# Leftover part after removing carburetor.



## jayman (Mar 13, 2017)

I removed my carburetor to clean the the jet. I placed all the screws and such on the fuel tank as I removed them. When I put it back together I was left with this part and I can't remember where it goes.
it measures 3/4 length by 1/4 I.D.













Thanks
Jason


----------



## JLawrence08648 (Jan 15, 2017)

Maybe you should tell us engine?


----------



## classiccat (Mar 1, 2014)

Welcome Jason! 

some info regarding engine, blower model # & year would be helpful.

it looks like a valve guide to me :tongue:


----------



## jtclays (Sep 24, 2010)

It looks like a spacer to me. How much stuff did you take off to get to the carb? Maybe a sleeve or spacer for the starter??? MTD's have that Powermore engine and I know you end up taking lots of shrouding to get to the carb. Just random thoughts without knowing how much you dug into the engine.


----------



## jayman (Mar 13, 2017)

Sorry. It's a Storm 2620 year 2012. With a Troy-Bilt 752Z370-SUC 208cc engine. I took off the muffler shield, muffler, front plastic panel with the choke and throttle knobs.

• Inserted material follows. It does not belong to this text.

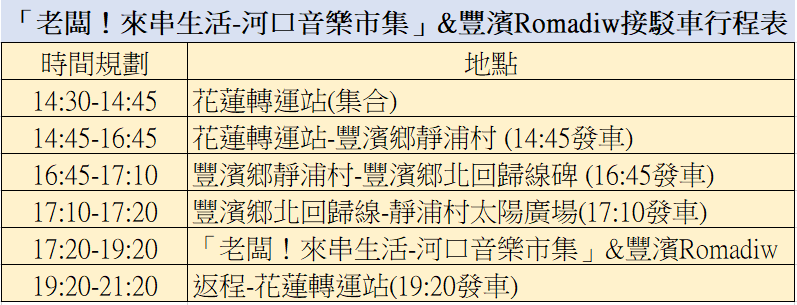【豐濱Romadiw」x「老闆!來串生活」河口音樂市集】接駁時程規劃(時間為預估,視實際情況調整)

I removed linkage, fuel hose, and carburetor.


----------



## jtclays (Sep 24, 2010)

Wonder if the throttle or choke have a sleeve inside there?


----------



## 524SWE (Jan 20, 2017)

looks like one of the spacers that go inside the shroud over the carb. there's a long and a short one, they fit inside the shroud, over the studs that the carb slides onto, two acorn nuts hold the carb on, the spacers and the acorn nuts work together so you don't over tighten the carb.


----------



## 524SWE (Jan 20, 2017)

here's a picture, I don't remember which side is longer but I think it will be obvious.


----------



## jayman (Mar 13, 2017)

524SWE said:


> looks like one of the spacers that go inside the shroud over the carb. there's a long and a short one, they fit inside the shroud, over the studs that the carb slides onto, two acorn nuts hold the carb on, the spacers and the acorn nuts work together so you don't over tighten the carb.



Thank you so much. I was loosing my mind. I couldn't find this part listed anywhere. 


Again thank you,
Jason


----------



## 524SWE (Jan 20, 2017)

your welcome, no problemo! it doesn't show on most parts websites


----------